Protests and rallies weren't enough for tea party activist Tim Kraulidis.
That's why he got himself elected during the February primary as a precinct committeeman in the Chicago suburb of Plainfield, a grass-roots post that gives him a say in Republican Party politics.
"People are frustrated, they're looking for a way to do something other than hold a sign. It's good to let everybody know you're mad, but what are you going to do with that?" said Kraulidis, state coordinator for the Illinois Tax Day Tea Party, a collection of tea parties in Chicago's southern suburbs.
Some Illinois tea party activists -- who believe the GOP has strayed from its conservative roots of fiscal restraint -- are evolving from sideline protesters to political insiders who are running for office or working for candidates who support their call for small government and a conservative agenda.

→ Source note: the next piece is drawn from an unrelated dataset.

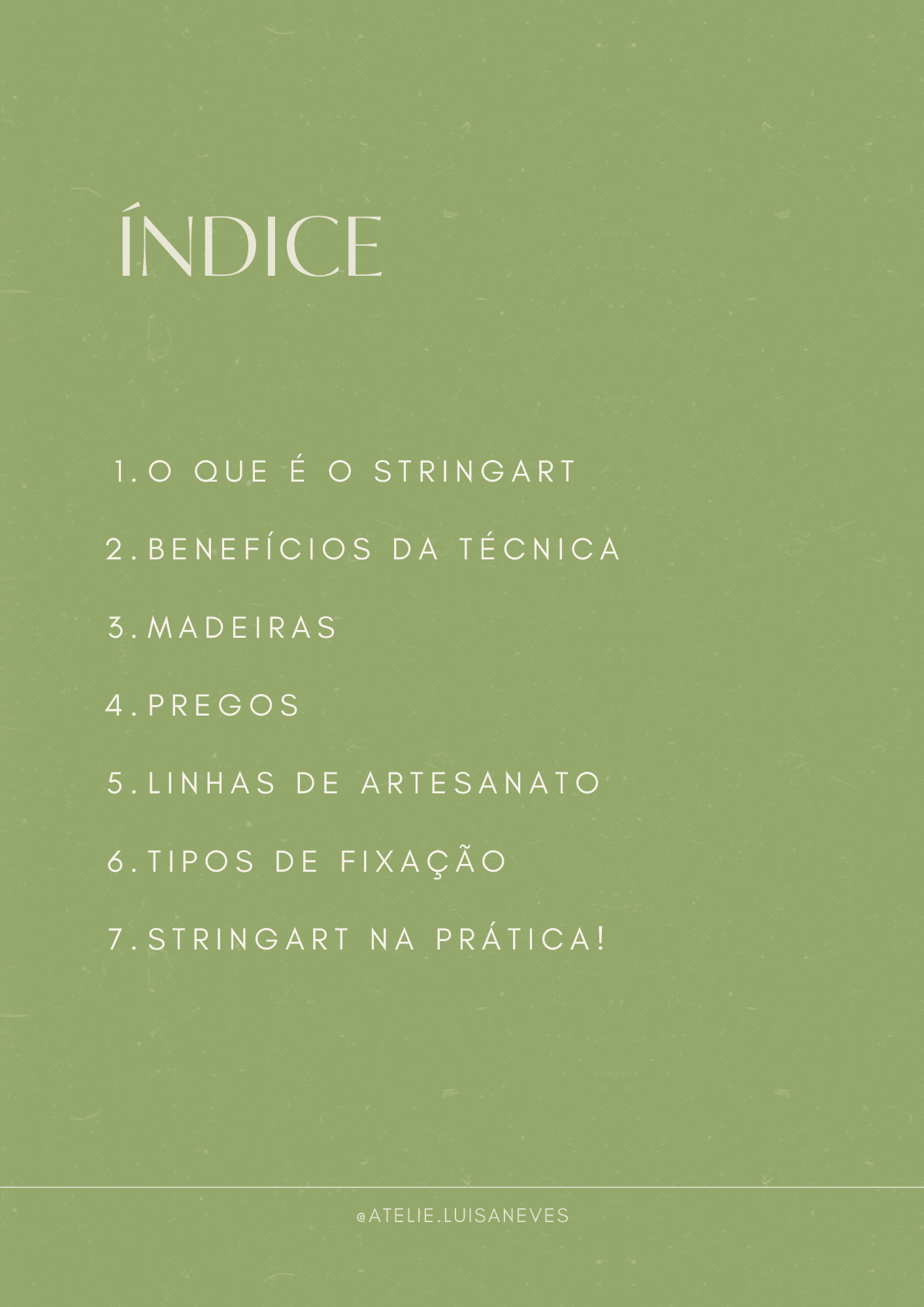 Nem sempre é fácil ter ideias do que produzir e como começar no StringArt. Por isso, desenvolvi esse PDF no objetivo de facilitar o aprendizado da técnica, com moldes já dimensionados e com a marcação dos pregos, para as pessoas que querem iniciar no artesanato.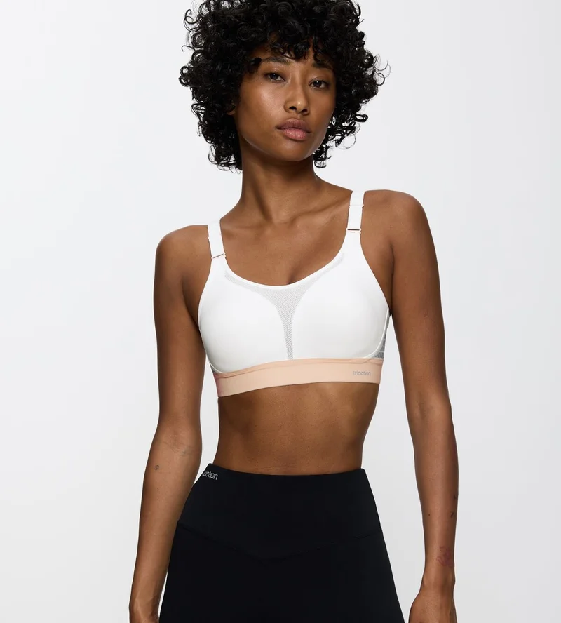 Idéale pour les sports à fort impact, cette brassière blanche Triaction allie un maintien ferme à un confort optimal grâce à sa gestion de l’humidité.

Illinois reflects one facet of the fractious movement. In other states, tea party groups are renouncing affiliations with any major party. And many activists aren't sure what they should do as the 2010 midterm election -- the first concrete test of the party's impact -- approaches.
Republican leaders in Illinois acknowledge they somehow must embrace this possibly influential group, which has become even more energized since the passage of President Barack Obama's health care overhaul.

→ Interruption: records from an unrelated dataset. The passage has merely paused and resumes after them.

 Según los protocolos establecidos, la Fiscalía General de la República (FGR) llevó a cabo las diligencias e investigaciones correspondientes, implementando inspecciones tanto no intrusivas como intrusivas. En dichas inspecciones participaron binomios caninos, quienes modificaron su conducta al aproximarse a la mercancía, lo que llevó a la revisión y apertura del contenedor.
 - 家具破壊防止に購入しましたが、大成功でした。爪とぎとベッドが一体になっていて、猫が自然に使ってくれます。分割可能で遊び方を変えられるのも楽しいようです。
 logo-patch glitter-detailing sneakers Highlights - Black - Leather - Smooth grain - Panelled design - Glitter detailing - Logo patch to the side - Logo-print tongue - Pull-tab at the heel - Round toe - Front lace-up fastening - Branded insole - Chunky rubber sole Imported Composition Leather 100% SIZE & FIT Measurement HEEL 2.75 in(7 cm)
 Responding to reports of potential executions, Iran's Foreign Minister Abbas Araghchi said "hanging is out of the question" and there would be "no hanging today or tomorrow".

"We need to re-establish our credentials with them, no doubt," said Illinois Republican Party chairman Pat Brady.
Any potential source of new voters or volunteers could be especially important in a Democrat-controlled state like Illinois, where Republicans hold no elected statewide offices. Tea partiers tend to be mostly Republicans, disaffected former Democrats and Libertarians, all of whom the Illinois GOP needs on its side to win in November.
Tea party membership in Illinois isn't easy to quantify because the groups mainly count the e-mail contacts they use to share information. For example, tea parties in the Chicago suburbs of Palatine and Schaumburg have about 5,000 contacts each, said Denise Cattoni, state coordinator for the Illinois Tea Party, an umbrella group of about 50 groups from around the state.
Even so, many wonder how much success tea parties will have in Illinois because of the state's history of electing moderate Republicans, when it's not electing Democrats. Tea party favorites in Republican primaries for Illinois governor and the U.S. Senate didn't make it through to the fall ballot.
Tea party activists, however, believe they can help bring the GOP "back around to a more conservative situation," said Springfield Tea Party coordinator Sandy Dragoo.
There's even a Web site to help would-be politicians get started. It's called the Conservative Committeeman Project.
Ralph Sprovier, a regional coordinator for the Illinois Tea Party, said the group's expectations for government are modest: "Defend us, don't spend more than we have, get the budget balanced and listen to what we say."
The tea parties are mad about ballooning federal deficits and what they see as an expansion of government through economic stimulus packages, bank bailouts and the health care overhaul.
Republicans such as Mark Kirk, the GOP nominee running for Obama's former Senate seat, are a frequent target. The conservatives see Kirk as too liberal and can't forgive him for his vote in favor of "cap and trade" legislation to limit pollution.
Brady, the state GOP chairman, says he understands the tea party anger at incumbents of both parties and wants to reach out to tea party leaders.
GOP candidates, Brady said, also need to convince tea party supporters of their commitment to being fiscal conservatives. But the party must find a way to satisfy the tea party voters without going too far or risk of alienating moderates.
Air Force reserve pilot Adam Kinzinger, the Republican running to unseat Democratic U.S. Rep. Debbie Halvorson, is among those tea partiers are supporting.
Kinzinger, 32, a former McLean County board member who has been endorsed by the National Republican Congressional Committee, is counting on tea party supporters to go door-to-door and to use their e-mail contact lists to get out the vote for him.
But Democrats say they're not worried
"The voters in the 11th District are not easily influenced by the rhetoric of fringe organizations like the tea party," said Travis Worl, Halvorson's campaign manager, in a statement.
U.S. Rep. Danny Davis, one of the state's leading Democrats, said Illinois doesn't have enough pockets of hardline conservatives for the tea party to have widespread success like it might in other states.
"I'm not at the level of any great fear at this moment," he said.